I was amused by ladys illusions of multiculturalism. Surely if you are you wouldn't feel the need to describe your child being best friends with a Muslim as an unusual situation, and if you generally moved in multicultural circles you'd already know about basic food requirements. Or in the case of a 12yr old you'd simply ask them?

Thinking that respecting other cultures in a patronising way is worthy of mention and praise is little Englander mentality. 'Ooh check me out being all pc about the one lone muslm I actually know, how great and tolerant I am' says an awful lot about how someone really thinks.

KoalaDownUnder · 28/07/2016 12:43

elodie..Those first pictures you posted are above-ground pools that have been decked around or sunk.

The second picture is also an above-ground pool. It is not a paddling pool.

Paddling, by definition, is done in ankle-deep water. Knee-deep at most. Paddling pools are those inflatable things for toddlers.

This is how the terminology is used in most of the world: you can believe it or not, but it is fact.

LyndaNotLinda · 28/07/2016 12:51

Well, this all went a bit bananas overnight didn't it? :o

elodie - it's an expression. Illusions of grandeur is wrong - it's delusions.

LauraJenson · 28/07/2016 13:07

The size of the pool isn't really the issue, this thread has really gone off topic. The girl did show up today, about an hour ago, along with the same friend who she tagged along with yesterday.

Oversized paddling pool isn't in use today as it look like it's going to rain, but I still sent her home. She said her Mum knew she was coming and that I could phone her but I just don't want her or her DD in my home

OP posts:
elodie2000 · 28/07/2016 13:08

Koala - What do I know?!
Google image search must have a glitch.

To ban her DD?
To ban her DD?
elodie2000 · 28/07/2016 13:10

OP the size of the pool is very relevant! If it's just a large paddling pool, your DD's friend's Mum is obviously batshit.

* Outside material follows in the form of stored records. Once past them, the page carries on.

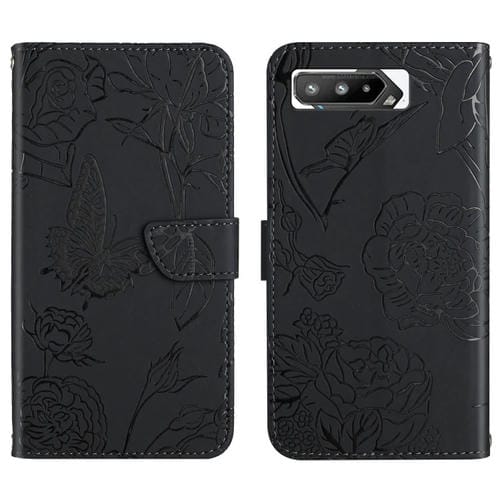 Funda de Cuero En Relieve para Asus Rog Teléfono 5 Zs673Ks Siente la Piel Mariposa Peony (Negro)
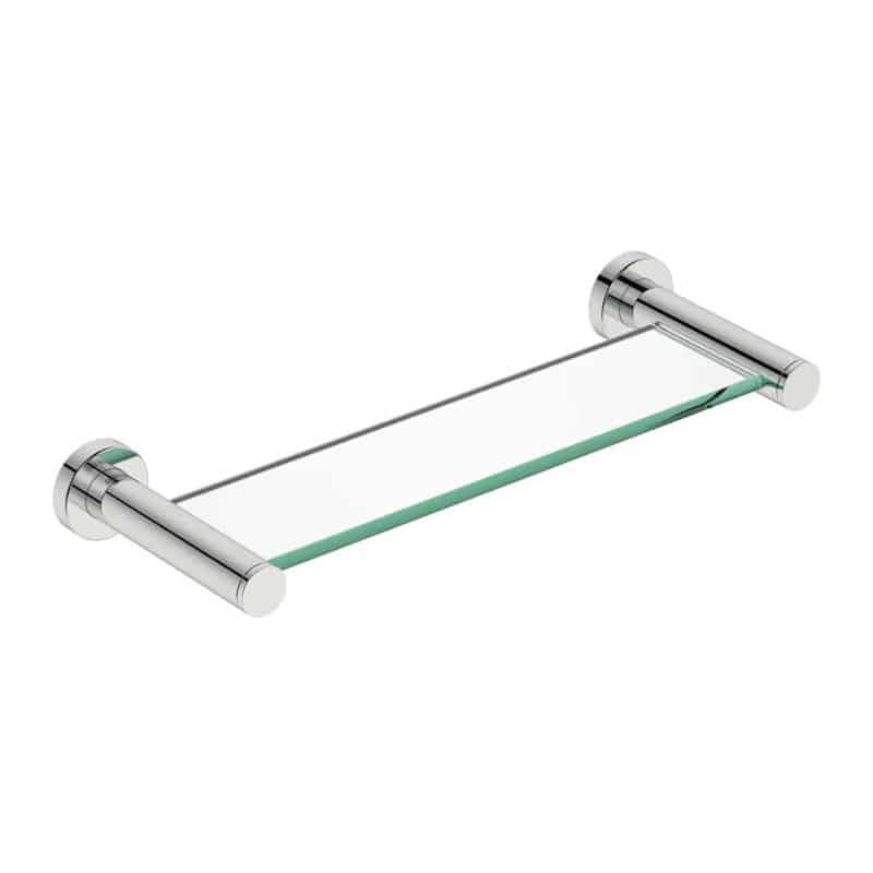 Our glass shelf with its classic, round side bars, was added to this series as an elegant option to beautifully organize your bathroom necessities while complementing most traditional bathroom designs. The side posts are manufactured from Grade 304 stainless steel and a 300mm strong tempered glass shelf that is secured into the side posts with round back plates. It Includes all necessary parts to easily be installed onto wall or tile
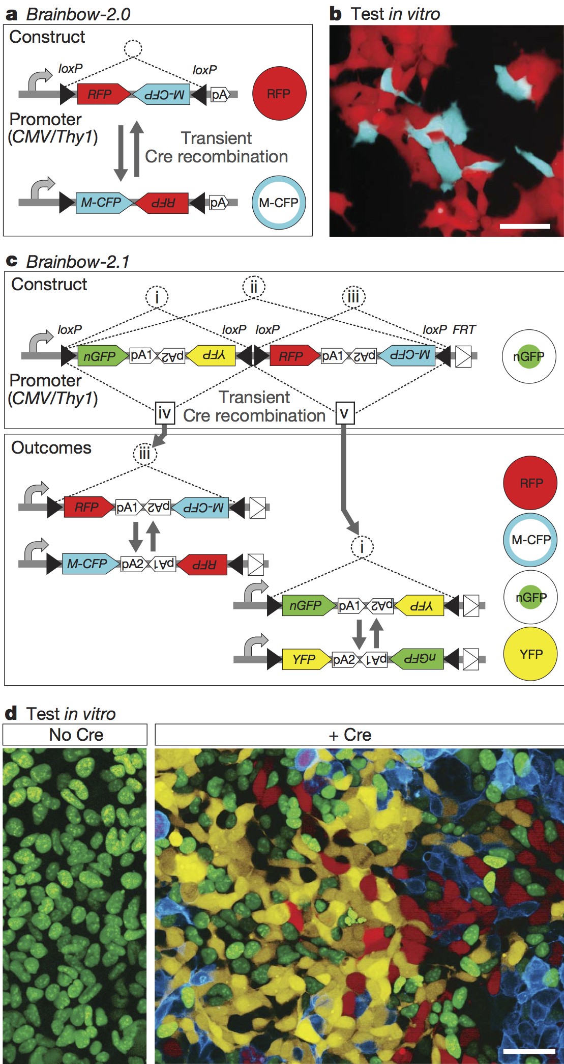 Figure 2: Brainbow-2: stochastic recombination using Cre-mediated inversion. a, In Brainbow-2.0, Cre triggers inversion of a DNA segment flanked by loxP sites in opposite orientation. In 50% of cells, inversion should end in an antisense orientation and switch gene expression. b, HEK cells stably expressing CMV-Brainbow-2.0 produce RFP, and stochastically switch to CFP expression when transfected with Cre. c, The Brainbow-2.1 construct contains two tandem invertible DNA segments. Inversion (i–iii) and excision (iv, v) recombination events create four expression possibilities. d, Stable CMV-Brainbow-2.1 transfectants express nuclear GFP (nGFP). Cre recombination triggers expression of YFP, RFP or M-CFP. pA1 and pA2, SV40 and bGH polyadenylation signals. Scale bars, 50 μm.
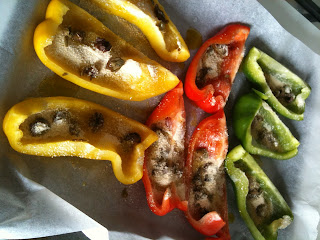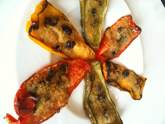 Disponete i quarti di peperone su di una teglia coperta di carta forno e riempiteli con qualche cucchiaio di pangrattato, le olive e i capperi tagliati a pezzetti, salate e versate sopra ad ogni peperone dell’olio a filo ( non troppo se non diventano troppo pesanti) e qualche goccia di acqua in modo da renderli un po’ umidi ed evitare che brucino subito
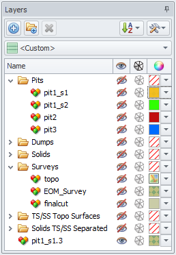 In the Layers panel you may import surfaces and solids triangulations, display and organise them, as well as assign colors, visibility etc. For a detailed description of Layers panel options, see: Layers/Overlays Panel
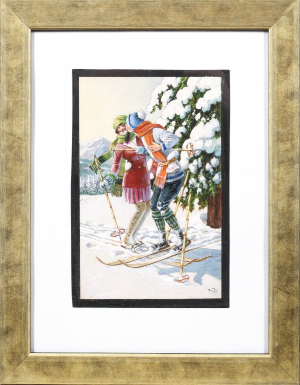 Seltener Originalentwurf für eine Postkarte, erschienen bei A. Weber & Co., Graphische Kunst- und Verlagsanstalt, Stuttgart. Der Maler und Zeichner war ein gefragter Illustrator und Schöpfer von Postkarten, die in seinem Oeuvre einen bedeutenden Raum einnehmen und oft humorvolle Darstellungen zeigen. Aquarell u. Gouache mit Weißhöhungen. R. u. sign.; Verso Atelier-Stempel des Künstlers und Verleger-Stempel. Blatt ca. 28,5 cm x 19 cm. Rahmen.
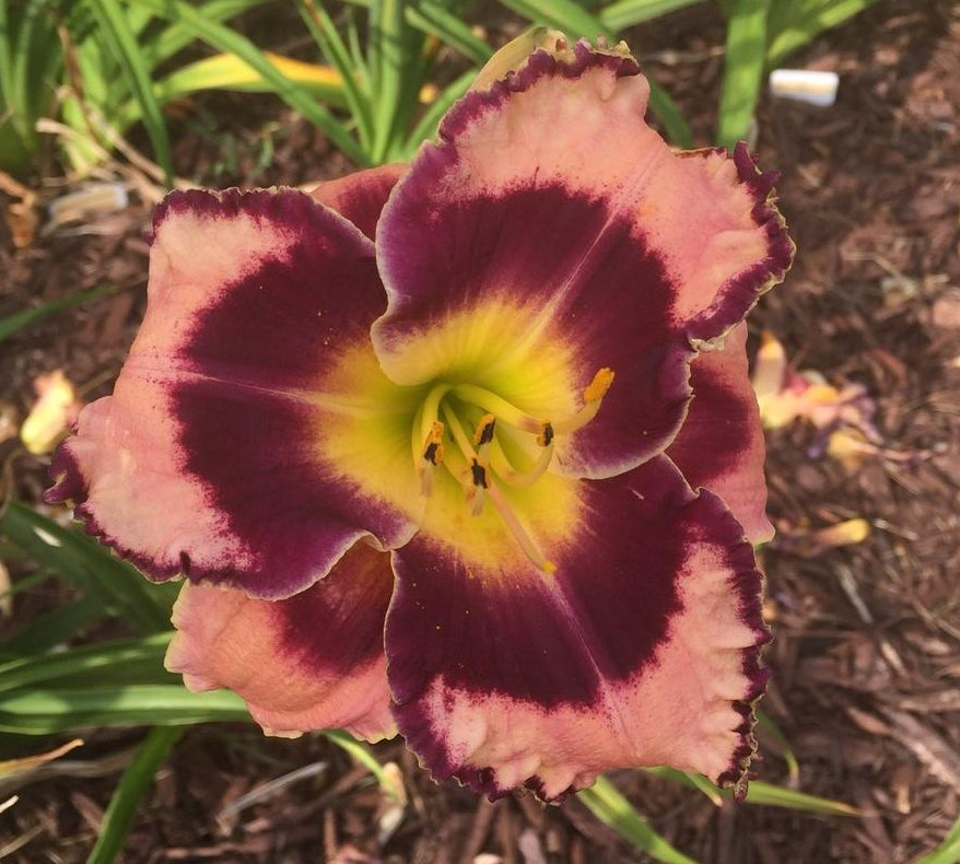 Pastel orange with dark almost black eye and matching ruffle, the sepals are a shade lighter but still have the dark eye.
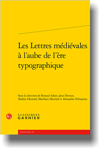Le livre Les lettres médiévales à l’aube de l’ère typographique sous la direction de Renaud Adam, Jean Devaux, Nadine Henrard, Matthieu Marchal et Alexandra Velissariou vient de paraître chez Classiques Garnier. Plus de détails sur le site de l'éditeur ici.
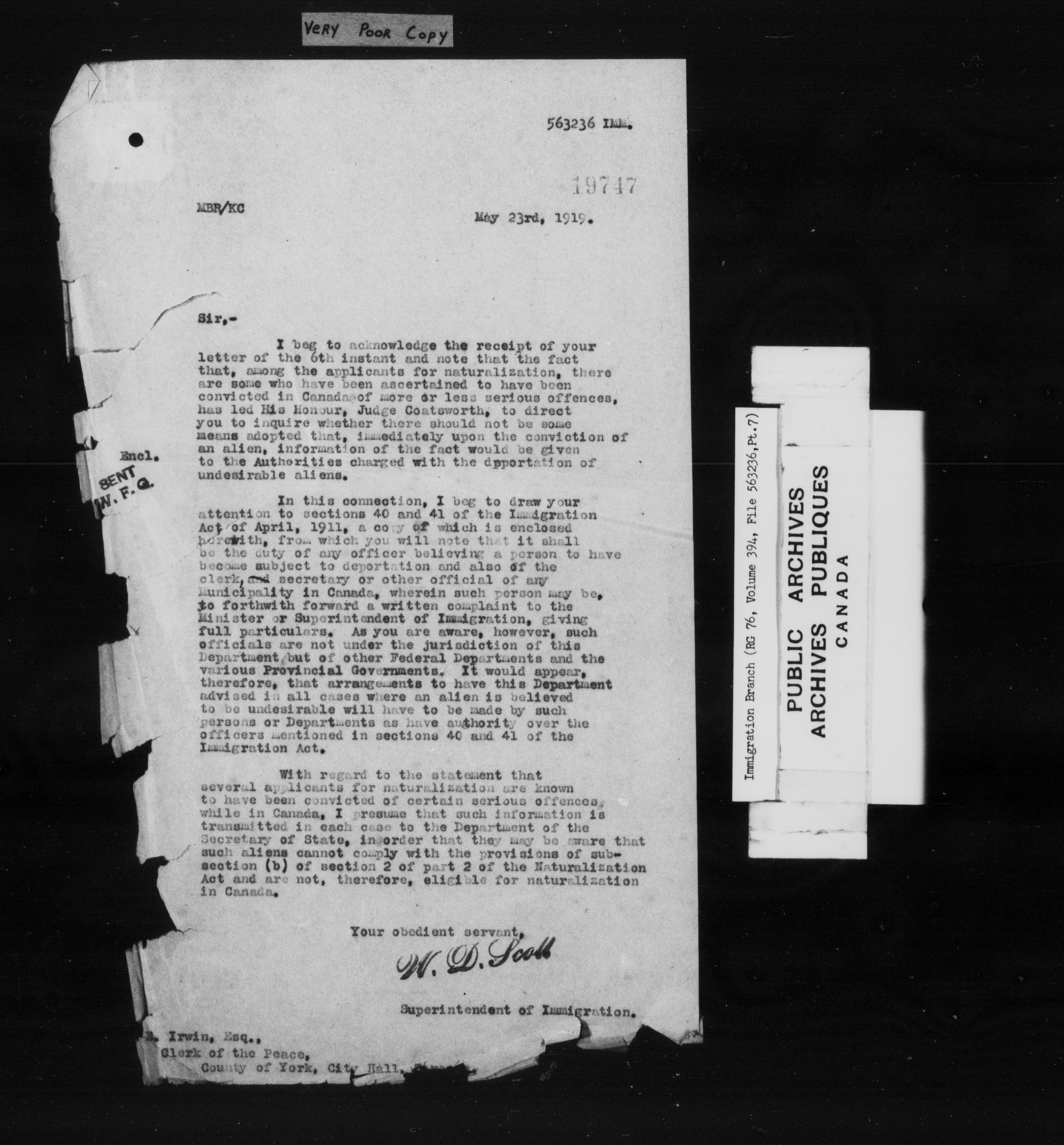 Subject, policy and case files in the First Central Registry series of the Immigration Program, 1892-1950 - 10287
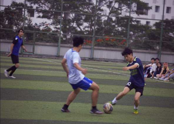 2023年3月19日下午,深大40周年校庆暨数学学科40周年庆荔园校友体育活动第1场:校友男子足球友谊赛在粤海校区南区体育馆天台足球场举行,校友与在校师生以球会友,欢聚荔园。学院党委副书记张国强和校友、在校师生观看了比赛。

elodie2000 · 28/07/2016 13:12

Lynda '

mrsmarblemouth1 · 28/07/2016 13:17

I think the Mum must have been worried out of her mind as she didn't know where her DD was then directed all her rage and fear at you as you were the first in line.

There was probably a dose of guilt and embarrassment in her outburst too

I'm not excusing her, its horrible being on the receiving end of someone else's frustration but I'm trying to see it from her POV too.

I think your response to her was reasonable and lot calmer than I could have delivered under the circumstances.

Maybe in the future make sure the invited kids have parental permission.

Even if next door's kids come into our garden, I always ask them if their mum or dad knows they are here.

KoalaDownUnder · 28/07/2016 13:17

You're just not getting it, are you?!

The point is that a) the OP is quite correct in referring to her pool as an above-ground pool, and b) it's irrelevant, because a child could as easily drown in a below-ground pool, as an above-ground pool (or 'large paddling pool', call it whatever you want) that is the depth of the OP's pool.